Why running a password manager in Docker?
Setting up a read-only container
Let’s add new passwords!
Conclusion: How to block strace?

Why running a password manager in Docker?

Before we start, you may wonder why I wanted to run a password manager in a Docker container.

First of all, I like the idea of running a local password manager – as opposed to one running in a website – so that I understand where the passwords are stored, and where I back them up. Of course, that’s a personal choice, and I find it great that users have many options to choose from to setup a password manager.

The second part is running it in a container. I was quite inspired when I first read Jessie Frazelle’s blog post about running desktop applications in Docker containers a few years ago. I think it’s a great idea, for the following reasons.

From a security point of view, it allows to relatively easily restrict access to resources available to each application. My password manager doesn’t need access to either of the Internet, my sound card, or my documents – it only needs to access a password file and the clipboard. Without a container, all applications basically have access to all of the resources on my desktop.
It’s easy to setup, update and remove applications independently. You don’t have to worry about conflicting dependencies between applications, or about your favorite application not running on the latest Debian version. Each application is installed into its own “virtual” system – only the Linux kernel is shared between all of them. You don’t have to ask yourself where each application added configuration files on your host system.

The first downside is that each application takes a bit more space on disk (due to embedding all of its dependencies) but that’s not much of a concern today with 100+ GB of space on (SSD) disks.

The second downside is that too many restrictions of resources will break applications. So you have to tinker a bit to make things work again, but for me, that’s the fun part where I learn a lot about the Linux system. You may have already seen another of my Docker experiments in a previous blog post, otherwise I encourage you to take a look!

Setting up a read-only container

For this experiment, I decided to use KeePassXC, a cross-platform and open-source password manager. There is already a Dockerfile for it on Jessie’s GitHub, but I wanted to restrict a bit more the resources available to the password manager.

My first setup was to run the password manager in read-only mode.
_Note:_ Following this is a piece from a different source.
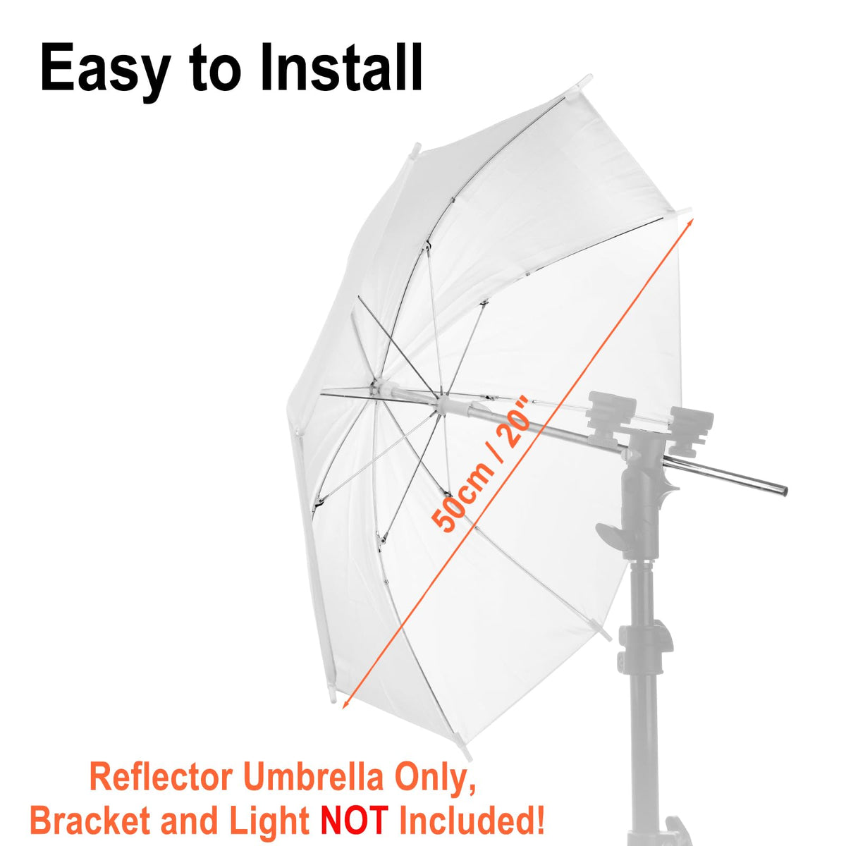 2 Pack Photography Reflector Umbrella 20 Inch/ 50Cm Diameter White Translucent Soft Umbrella Photography Photo Video Studio Mini Lighting Diffuser For Indoor Outdoor Portrait &Amp; Product Studio Shooting* The White Soft Lighting Umbrella Can Reflect And Spread Light Stream Evenly To Reduce Glare And Spots In Shots.* Perfect For Shooting Highly Reflective Bright Objects, Effectively Dissolving Hard Light And Softening Shadows.* Made Of Quality Soft Light Nylon Fabric With Alloy Umbrella Frame, Which Is Reliable, Durable And Tear-Resistant.Package Included: 2 Pcs Mini Photography Umbrellas (Bracket And Light Not Included)

This is actually a common use case in practice, just reading passwords to authenticate without signing up to anything new.

Dockerfile and `docker run` basics

The first step is to create a Dockerfile with KeePassXC. Like in my previous blog post, I suggest to use the slim Debian testing base image (currently debian:bullseye-slim). We’ll also create an unprivileged user - let’s name is x11user - with a unique user ID such as 6000, and without creating any home directory nor giving it any shell. Last, we install the KeePassXC Debian package with apt-get.

Here is the resulting configuration: Dockerfile.

FROM debian:bullseye-slim
RUN useradd --uid 6000 --no-create-home --home-dir /nonexistent --shell /usr/sbin/nologin x11user

RUN apt-get update \
    && apt-get install -y \
        keepassxc \
        --no-install-recommends \
    && rm -rf /var/lib/apt/lists/*

USER x11user

ENTRYPOINT [ "/usr/bin/keepassxc" ]

When building this image, I’ll assume for the rest of this blog post that we tag it as keepassxc, so that we run it with docker run [DOCKER PARAMETERS] keepassxc [KEEPASSXC PARAMETERS].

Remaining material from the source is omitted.